She Accused Other Woman Of Sending Threatening Facebook Messages. She Sent Them To Herself.

In 2018 Nicolette Nottage, an architecture student at the University of Arkansas (UA), told police she was receiving threatening Facebook messages from her former friend and fellow student, Emily Hunt.

Hunt was arrested on May 1, 2018 and spent a night in jail, posting bond the next day. She said she was arrested and booked before even being asked about the threats she allegedly made. She maintained her innocence, even though the messages appeared to come from her. Six days after she was arrested, a UA student-conduct official reportedly told police the threatening messages appeared to have been fake.

The messages were frightening, prompting police to take swift action against the alleged perpetrator. UA’s top police official, Steve Gahagans, told The Arkansas Democrat-Gazette in 2019 that police “felt they needed to act swiftly to find this person based upon what they were being told.”

One of the threats, according to the police report, said: “leave this school or i will come to your apartment at varsity house and kill you with my own gun.”

Hunt and her half-sister Megan Garner worked to clear Hunt’s name, and told the Democrat-Gazette last year they were disappointed that police and UA acted so quickly without much investigation. The half-sisters helped prove Hunt’s innocence by showing that although the Facebook messages appeared to come from Hunt, it was actually a fake page that was created to frame Hunt.

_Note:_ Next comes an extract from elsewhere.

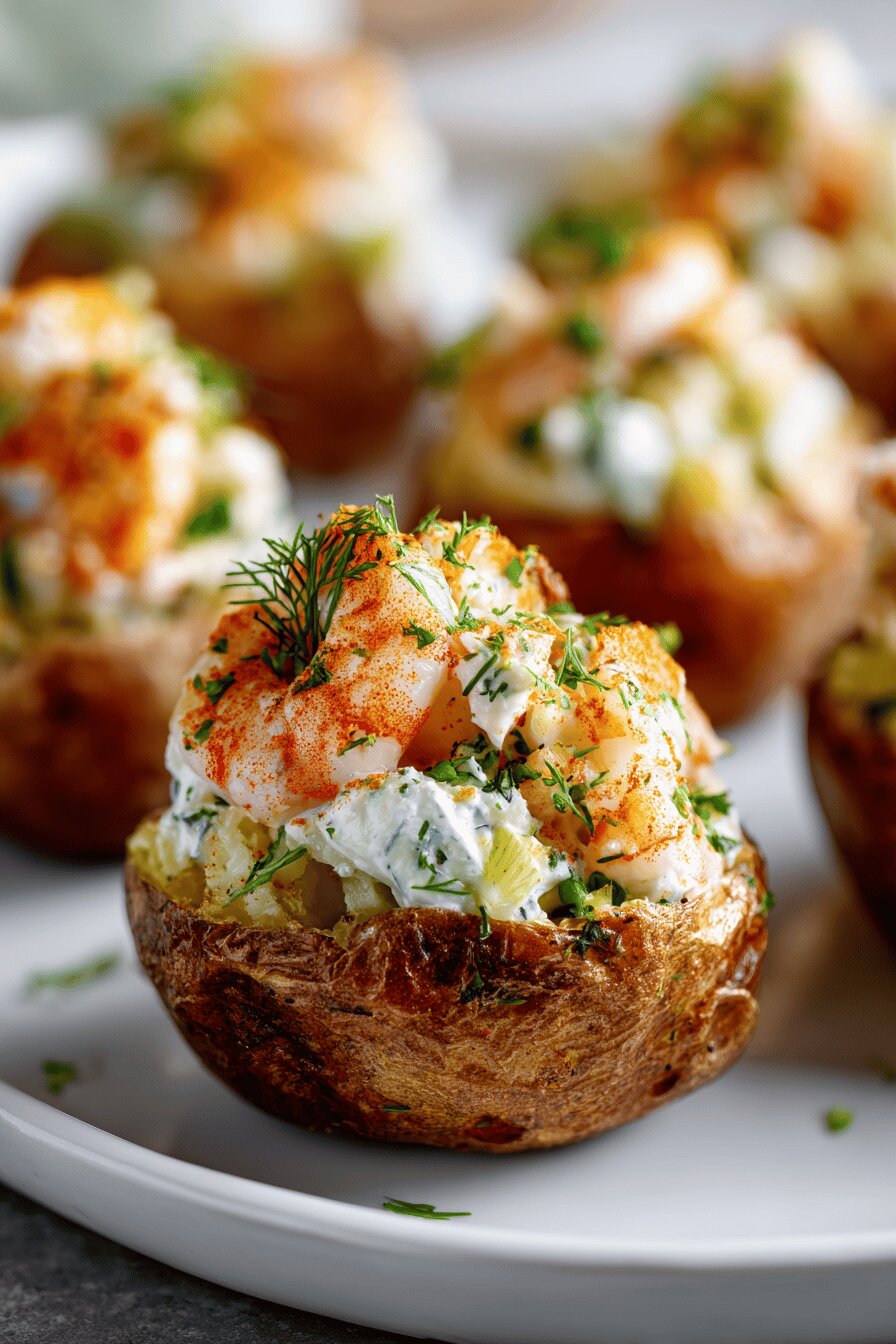 Start by heating oven correctly. Wrong temperature kills texture. Toss potatoes to coat well but not drowned in oil which affects crisping. Multiple tosses during roasting evenly brown potatoes. Roast until poke test shows fork enters cleanly without resistance, indicating fluffy interior. Mix cheese and creme fraiche off heat to control texture; cheese should not be melted or warm or filling will separate. Fold shrimp gently keeping pieces intact for texture contrast. Cut potatoes carefully not to pierce through skin or they leak steam. Press potatoes gently to open crease, don’t pulp or mash; skin serves to hold filling. Fill immediately to maintain heat contrast; filling cold against warm potato gives textural interest. If plating ahead, roast potatoes and prep filling but fill last minute to avoid sogginess. Garnish smoked paprika lightly; overdoing masks all else. Parsley or chives finish visually and with fresh bite. Leftover filling adaptable for dip with pita or crackers. Keep knife handy for last minute scoring and precise onions/fennel dice.

“All of us in the family and Emily’s circle are completely disillusioned and disappointed in the justice system and the university as a whole,” Garner told the outlet.

Eventually police discovered the truth and Nottage was charged with felony false reporting – a charge that was dismissed late last week. As part of her campaign to clear her name, Hunt filed a civil lawsuit against Nottage.

“We felt like there was not a strong motivation to pursue the criminal case by the prosecutors office, so we took the only route where we felt like we could maybe see some sort of resolution,” Hunt told the Democrat-Gazette.

The lawsuit ended in a settlement for an undisclosed amount that also required Hunt to not object to prosecutors dropping the charges against Nottage. Prosecuting attorney for Washington County Matt Durrett claimed Monday the charges were dropped “at the request of the victim,” referring to Hunt. He added that “in this situation, she’s the one who was most directly affected by this.”

Hunt, however, said she did not want the charges to be dropped.

“It was not my wish for the criminal charges to be dropped, however a condition of the settlement was that I would not object, and the prosecutor’s office quickly took advantage of that opportunity,” Hunt told the outlet.

Naturally, Hunt doesn’t feel relief from the situation.

“I still don’t understand why this happened, why it hasn’t spurred changes at the university level, why it wasn’t a priority in the eyes of the law, and what would prevent it from happening again. It’s been tidied up and taken care of in the eyes of the courts and the university, but I don’t know that I will ever feel any sense of resolution,” she told the Democrat-Gazette.